How Does Pheomelanin Contribute to Melanoma?

In 2013, Morgan, et al suggested that pheomelanin might either enhance ROS generation directly or deplete major antioxidants.¹⁷ Subsequently, Panzella, et al investigated the effect of red human hair pheomelanin (RHP) on cellular redox systems, exploring autoxidation of GSH (glutathione), the most important cellular antioxidant, and NADH (nicotinamide adenine dinucleotide), a central component of the respiratory chain.¹⁸ They showed that GSH and NADH, considered critical indices of metabolic state and intracellular redox levels, were significantly decreased by pheomelanin. As it did not affect superoxide dismutase (SOD) and catalase (CAT), they assumed that pheomelanin does not produce significant levels of ROS measured with a variety of methods, including electron paramagnetic resonance (EPR) and spin trapping or colorimetric assays, but can induce depletion of GSH and NADH by a UV- and ROS-independent pathway. They assumed that pheomelanin can serve as a redox catalyst accepting H-atoms from the substrates and transferring electrons to oxygen.

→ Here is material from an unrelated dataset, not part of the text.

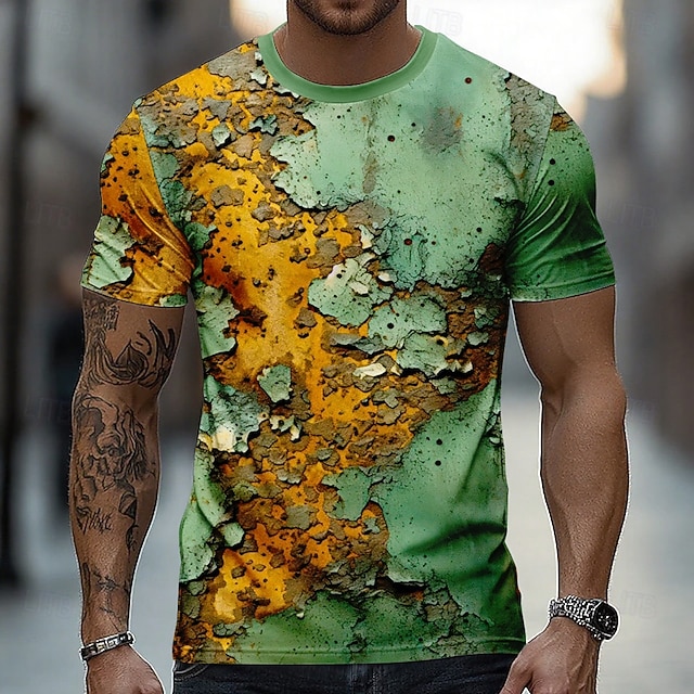 Herren Optische Täuschung 3D T Shirt Kurzarm T-Shirt 3D-Druck Rundhalsausschnitt Hemd Übertrieben Designer Party Straße Lässig Gelb Braun Grün Sommer Frühling Ganzjahres Bekleidung S M L XL XXL XXXL #18144032

Operation of a direct H-atom transfer to pheomelanin was confirmed by EPR analysis, showing a selective decrease in the pheomelanin signal in purified red hair pigment following incubation with excess GSH.¹⁸ This raised the hypothesis of pheomelanin as a "living" polymer and biocatalyst, which may trigger autoreactive prooxidant processes. In this mechanistic scheme, ROS would be produced from reoxidation of pheomelanin by oxygen but would be immediately utilized in the redox cycle.¹⁹ Nevertheless, it has not been fully determined whether MC1R exerts its oncogenicity via pheomelanin only or also by controlling different redox genes, such as the base excision repair enzymes 8-oxoguanine DNA glycosylase (OGG1) and the DNA damage repair enzyme apurinic apyrimidinic endonuclease 1 (APE-1/Ref-1).¹¹ In addition, the prooxidant activity of pheomelanin on UV-induced liposomal lipid peroxidation has been suspected to originate from pheomelanin-metal complexes.²⁰

The oncogenic effect of oxidative stress on cancer development has been shown for multiple tumors, such as liver, lung, breast, and skin cancers. ROS are short-lived entities that are continuously generated at low levels during the course of normal aerobic metabolism, likely playing the role of a second messenger. Skin exposure to ionizing and UV radiation, and/or xenobiotics, generates ROS in excessive quantities that may overwhelm cutaneous antioxidant reserves. This may expose the nucleus and other cellular organelles in the cytosol to high levels of oxidative stress. In skin, uncontrolled release of ROS is involved in the pathogenesis of a number of human skin disorders, especially cutaneous neoplasia. Within cells, ROS induce cell cycle alterations, DNA structural alterations including DNA strand breaks, DNA-protein crosslinks, and alterations of the mitogen-activated protein kinase (MAPK) pathway, as well as effects on lipid peroxidation and modulation of transcription factors such as activator protein 1 (AP-1) and nuclear factor κB (NF-kB).^21,22 Additional effects on the tumor microenvironment and immune system were alterations in Th1 and Th2 response patterns as well as changes in dendritic cell surface markers.²¹

What Can Sunscreens Do?

Sunlight reaching the Earth's surface is composed of differing wavelengths of the electromagnetic spectrum, ranging from infrared to visible and UV light. The UVB and UVA spectrum, between 280 nm and 400 nm, seems to be the most damaging light to our skin. UVA, with its longer wavelengths, can penetrate into deeper layers of the skin than UVB, with more rays penetrating the basal epidermis cells where melanocytes are located. Mathematical models predict that regular sunscreen use may greatly reduce the lifetime incidence of nonmelanoma skin cancers, and studies have clearly shown this with cutaneous squamous cell carcinoma²³—yet results with respect to melanoma incidence have been somewhat more complex.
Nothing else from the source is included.